The real AI constraint
Here is what the AI productivity conversation keeps missing: producing code is now faster than ever, and more people (and soon, more agents) can do it. But a team still needs to review, understand, integrate, and maintain that code. That part hasn't gotten faster.
If your boundaries are unclear, contributions hit the wrong team. If your ownership is undefined, code ships without anyone responsible for keeping it running. If your contribution norms don't exist, every merge request is a fresh argument. These problems existed before AI. AI just runs them at a speed where you can no longer muddle through.
The real question is not 'how do we generate more code?' It's 'how do we make sure the speed of creating code doesn't outrun the organisation's ability to put it into production sustainably?'
The organisations that will absorb AI-assisted development well are not the ones with the best tools. They're the ones where boundary clarity, technical ownership, and contribution norms are already in place. The plumbing matters more than the pump.
Three questions, not a framework
These are three questions every engineering organisation needs to be able to answer, and most can't:

- Whose problem is this? Boundary clarity. Which team is responsible for that part of the business?

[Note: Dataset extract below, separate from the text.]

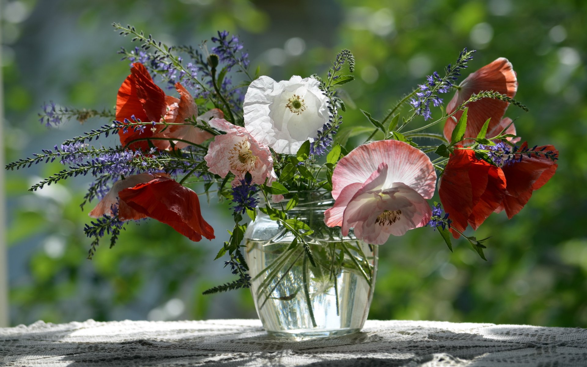 Inflorescencia de amapola sobre fondo de flores
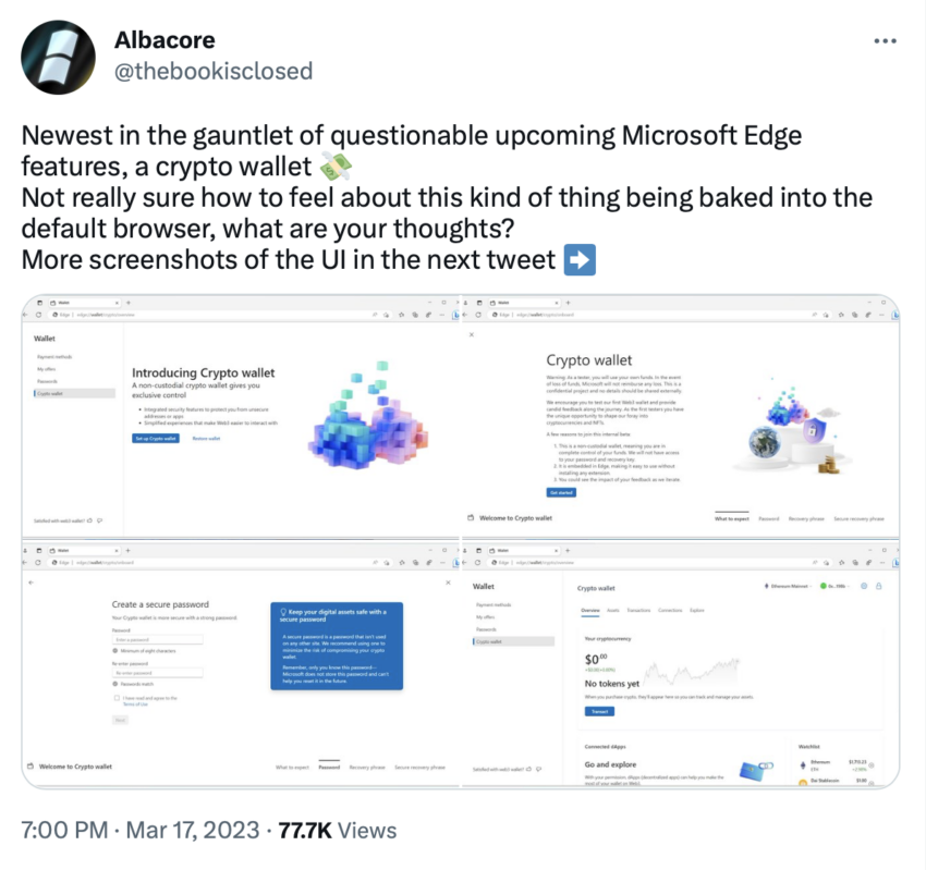 Исследователь программного обеспечения @Albacore поделился в «Твиттере» скриншотами, которые ясно дают понять, что компания сделала важный шаг и добавила в дефолтный браузер Edge код, позволяющий интегрировать в него некастодиальный криптокошелек.

- Whose system is this? Technical ownership. Who maintains the code, responds to incidents, updates dependencies?
- How do we work across boundaries? Contribution norms. What happens when someone outside the owning team needs to make a change?
They affect each other, but you can fix one without redesigning everything else. A boundary restructuring doesn't have to mean a technical ownership reshuffle. New contribution norms don't require redrawing boundaries.
A quick diagnostic
Score your organisation honestly:
- Can a new engineer look at your org chart and correctly predict which team owns a given business capability? Or do they need to ask three people and get three different answers?
- Can you identify the owner of every service and shared component in your estate within thirty seconds? Or are there orphaned systems that "belong to everyone"?
- When someone outside a team submits a code change, is there a clear process? Or does it depend on who knows whom and who's feeling generous that week?
Most organisations I work with score poorly on at least two of three.
The value of getting these right extends well beyond AI readiness. Reorganisations become tractable because you know what belongs where. Migrations become possible because you know who owns what. Incidents resolve faster because ownership is unambiguous. New team members ramp up faster because the boundaries are legible. These are the basics of a well-run engineering organisation. AI just makes the cost of not having them impossible to ignore.
Start before it's urgent
If I had to pick a sequence, I'd start with boundary clarity, because everything else depends on knowing whose problem something is. Then technical ownership, because you can't hold teams accountable for systems they don't explicitly own. Then contribution norms, because they only work when ownership is already clear. But that's a starting point, not a prescription. Your context will dictate what hurts most.
The temptation is to wait. The restructuring feels too big. The ownership audit feels too tedious. The contribution norms feel premature because "we're not really doing AI development yet." But the organisations that wait until AI-generated contributions are flooding their merge request queues will be building these foundations under pressure, which is the most expensive and disruptive time to do it.
Start now. Pick the gap that's causing the most friction. Spend a week making it explicit. You don't need a transformation programme. You need clarity, written down, that people can point to when the next territorial argument starts.